Besides APIs, dissolving MNs consist of soluble matrix containing biocompatible polymers or sugars. MN tips dissolve after contact with the interstitial fluid, followed by API release (poke and release approach) (Figure 2D). As the release kinetics of the active substance depend on the degree of dissolution of the constituent polymers, it is possible to control drug delivery by adjusting the polymer composition or by modifying the manufacturing process. Ling and Chen presented a dissolving MN patch consisting of starch, gelatin and insulin as a drug model. An in vitro test showed that these MNs released almost all of the insulin content within 5 minutes. Furthermore, they were mechanically strong enough, allowing bioactive molecules to be stably encapsulated.

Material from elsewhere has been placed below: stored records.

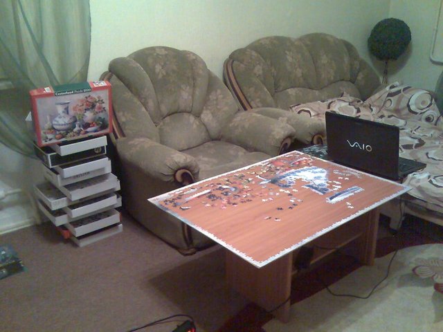 It seems that the heading "Enjoyable with useful" continues ... Being on a long business trip I decided to spend the evening for assembling puzzles, with obligatory registration in baguette. As a basis, I used laminated MDF 4 mm thick, baguette ordered in workshops. In the same place, I ordered a steel cable to hang the picture, which does not let the picture sag with time. Everything turns out quite qualitatively, beautifully and reliably. Now, not only that the whole apartment in the paintings, so also managed to implement several of them, including assembled to order.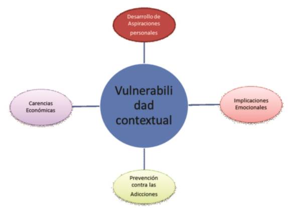 La situación de vulnerabilidad contextual delineada en esta población se hizo explícita de manera inicial por diferentes actores educativos y de instancias de gobierno municipal que acompañan a los jóvenes en su desarrollo profesional y en su vida comunitaria. Las situaciones de vulnerabilidad que identifican de forma inmediata se relacionan con las posibilidades de acceso que tienen los jóvenes a carreras de educación superior, necesidades de información sobre la sexualidad y las adicciones, así como vulnerables a los riesgos del contexto que implican el desarrollo de aspiraciones encaminadas a involucrarse en actividades del crimen organizado; las mujeres en especial se consideran vulnerables a someterse a un contexto machista que les priva de un desarrollo profesional adecuado, que a su vez las coloca en una posición de desventaja económica, cultural y social.
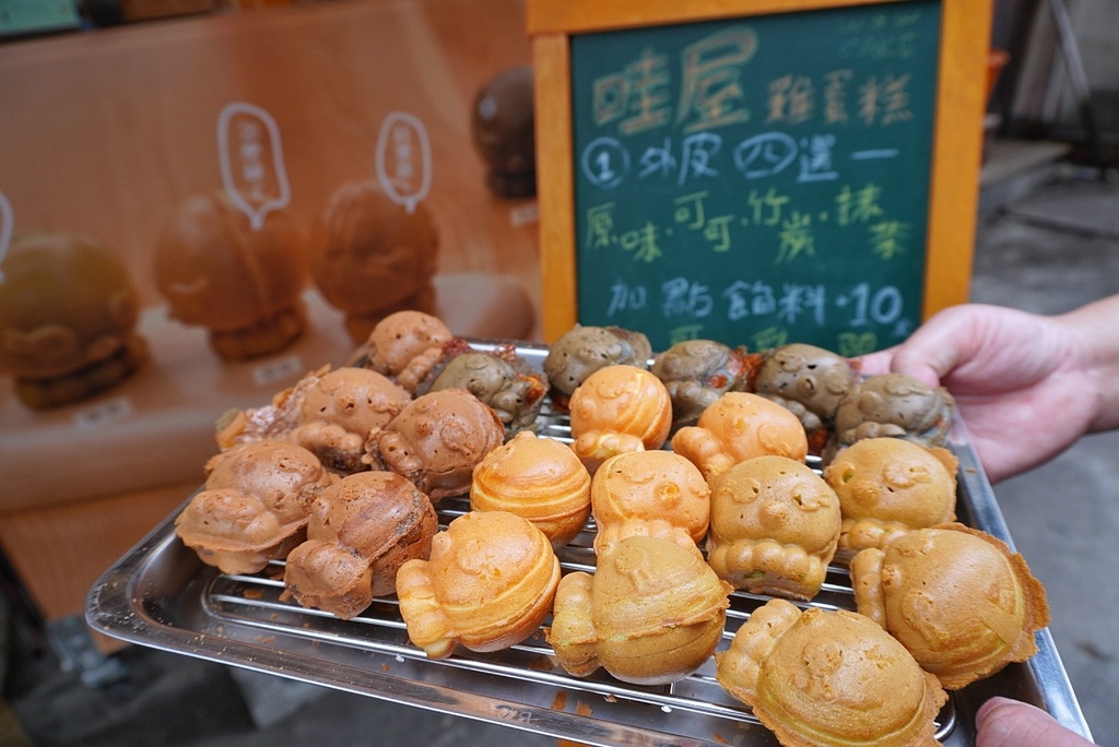 台中西屯美食<哇屋雞蛋糕>位於逢甲文華路的巷弄小道內,外皮有四款口味可挑選、內餡也可以自由搭配,現烤五分鐘就有熱呼呼美味可口的雞蛋糕了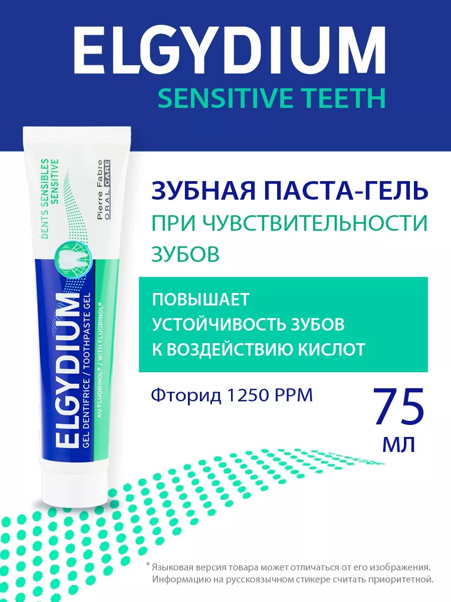 Elgydium SENSITIVE Toothpaste-Gel with Fluorinol for Sensitive Teeth, 75 ml. This soft, low-abrasive gel-paste helps reduce tooth sensitivity and effectively protect teeth from external factors (e.g., hot, cold, etc.). Elgydium Sensitive contains Fluorinol (Nicomethanol Hydrofluoride), a second-generation aminofluoride that promotes remineralization, reduces sensitivity, strengthens and protects tooth enamel, and increases its resistance to acids. The mint flavor is fresh and pleasant. Contains fluoride: 1250 ppm F- fluoride mass fraction. Contains chlorhexidine bigluconate (0.004%). Directions for use: For daily oral hygiene. Brush your teeth 2-3 times a day, after each meal. It is advisable to use a toothbrush with soft bristles. Store at a temperature not exceeding 25C.

Nowadays, there is growing interest in dissolving MNs made of biodegradable materials, as they enable API delivery without creating sharp, bio-contaminated, and non-degradable waste. Moreover, in the case of the production of MNs from semi-synthetic and synthetic polymers and sugars, the manufacturing costs are significantly lower. However, the main disadvantage is the deposition of polymers in the skin, which is undesirable for long-term use. Degradable MNs, a subcategory of dissolving MNs, may deliver a wide range of hydrophilic agents, including caffeine, lidocaine, metronidazole, ibuprofen, as well as several biopharmaceutical molecules (low molecular weight heparin, insulin, leuprolide acetate, erythropoietin, and human growth hormone).

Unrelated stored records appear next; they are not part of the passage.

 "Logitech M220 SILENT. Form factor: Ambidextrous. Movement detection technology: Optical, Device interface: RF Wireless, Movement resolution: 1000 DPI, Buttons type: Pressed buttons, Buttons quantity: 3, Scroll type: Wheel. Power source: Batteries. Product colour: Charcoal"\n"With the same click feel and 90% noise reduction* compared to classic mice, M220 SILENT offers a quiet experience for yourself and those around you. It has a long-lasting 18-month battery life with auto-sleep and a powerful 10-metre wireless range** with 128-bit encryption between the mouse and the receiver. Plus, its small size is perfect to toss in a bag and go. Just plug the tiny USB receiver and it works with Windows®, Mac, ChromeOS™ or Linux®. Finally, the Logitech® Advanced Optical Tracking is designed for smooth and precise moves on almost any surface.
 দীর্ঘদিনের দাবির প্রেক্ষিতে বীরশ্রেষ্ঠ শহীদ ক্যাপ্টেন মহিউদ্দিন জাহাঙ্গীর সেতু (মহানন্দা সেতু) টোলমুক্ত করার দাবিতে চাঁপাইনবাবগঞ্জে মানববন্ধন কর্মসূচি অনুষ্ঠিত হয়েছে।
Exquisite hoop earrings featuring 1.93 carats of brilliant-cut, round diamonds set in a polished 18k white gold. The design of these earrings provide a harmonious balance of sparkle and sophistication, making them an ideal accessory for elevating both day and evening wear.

A relatively new type of MNs is fabricated from a hydrogel-forming matrix and was first described in 2010 . This new strategy includes integrated systems consisting of cross-linked polymer micro protruding from a solid patch-like base containing the API. Upon administration, needles rapidly uptake interstitial fluid from the tissue, inducing the diffusion of the drug from the patch through swollen MNs (Figure 2E). These systems are manufactured from aqueous mixtures of specific polymeric materials, i.e., polymethylvinylether-co-maleic acid (PMVE/MA). Lee et al. made hydrogel MNs from ultra-low viscosity carboxymethylcellulose (CMC) and amylopectin. After the incorporation of sulforhodamine, bovine serum albumin, or lysozyme, MNs were dissolved safely in the skin, therefore allowing bolus or sustained release delivery. Garland et al. showed that drug delivery could be adjusted by modulating the density of the hydrogel matrix. Importantly, after the removal of the hydrogel MNs, the skin was intact, leaving no polymer residues. Hydrogel MNs have softened enough to prevent re-application, thus reducing the risk of transmitting infections.
Phase transition MNs are a subcategory of hydrogel MNs. After the absorption of the body fluid, the API from the MN matrix is released due to swelling of the polymer. This MN type leaves some or no residue after application. Although dissolving or degradable MNs could carry higher concentrations of the drug, the matrix makes up a large portion of the needles, which dissolve or degrade in the skin, making them unsuitable for everyday use. Retaining the matrix in the skin may cause low compliance in patients and potential side effects if the drugs are administered daily or at short intervals. The most suitable active ingredients, in this case, are vaccines because they are used only once (or a few times), so the amount of matrix deposited in the skin will be more acceptable. Therefore, the most promising type of MN is one made of hydrogel that does not dissolve nor degrade in the skin but has a controlled or continuous release of active substances.